400 g egg noodles
100 g Spinach, washed and cut into pieces
1 cup onion, chopped
Capsicum julienned – 1/2 cup
Carrot julienned – 1/2 cup
Cabbage julienned – 1/2 cup
1 cup tomatoes
Chicken strpis – 1/2 cup
Chicken broth/stock – 2 cups
1 tbsp- garlic, finely chopped
1 tbsp- ginger, finely chopped
½ tspn -turmeric
1 tspn -cumin powder
3 -fresh bell peppers (according totaste)
½ tsp – Ajwain
2 tbsp- vegetable oil
Salt and pepper to taste
1 tablespoon chopped cilantro for garnishing
Cook noodles in boiling water until slightly undercooked.
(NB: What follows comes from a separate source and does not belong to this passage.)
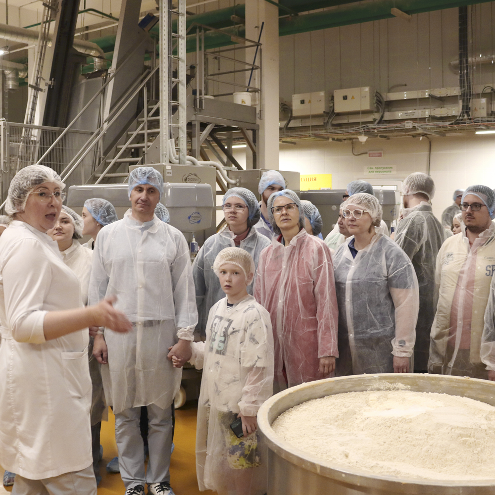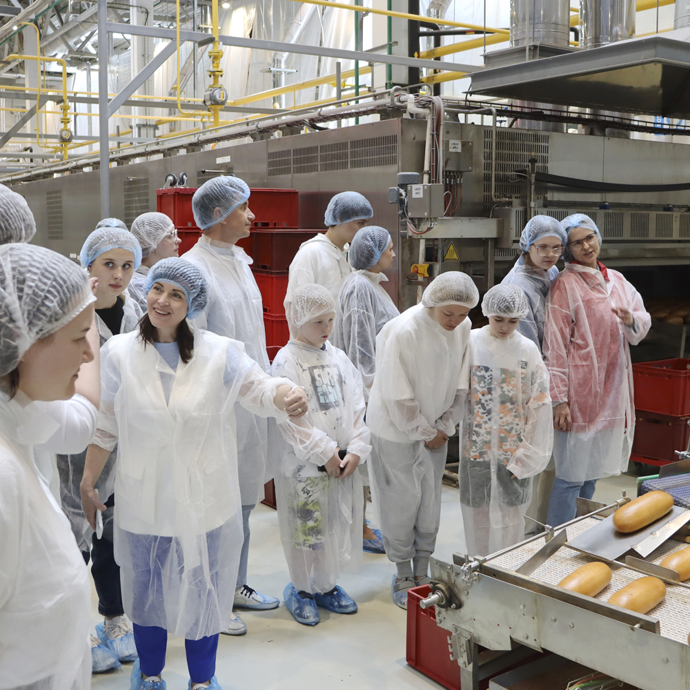 Все, и взрослым, и в особенности дети, с интересом наблюдали, как начиная свой путь по уникальной автоматизированной линии небольшой кусочек теста превращается во вкуснейший батон. Проходя все пять зон и выпекаясь при разных температурных режимах, он получается более вкусным и дольше не черствеет. А еще мы узнали сколько метров в одном «Штрангброте» и сколько пакетов с хлебом из него фасуется, а также какой хлеб по вкусу получается из печи с каменным подом и многое другое.

Drain the water and rinse.
In a sauce pan or wok heat two tablespoons of oil.
Add onions, fry until light brown.
Add cumin powder, turmeric powder, garlic, ginger, and chilies.
Stir for a minute.
Stir fry the mixed vegetables for 5 minutes.
Add tomatoes, chicken broth, ajwain, salt and pepper and cook until vegetables are tender.
Add the noodles and cook for 3 more minutes.
Add spinach, cook for 1 or 2 minutes.
Garnish with chopped cilantro.
If you want vegetable Thukpa you can cook it without chicken and chicken broth. Instead of chicken broth you can use vegitable broth/stock.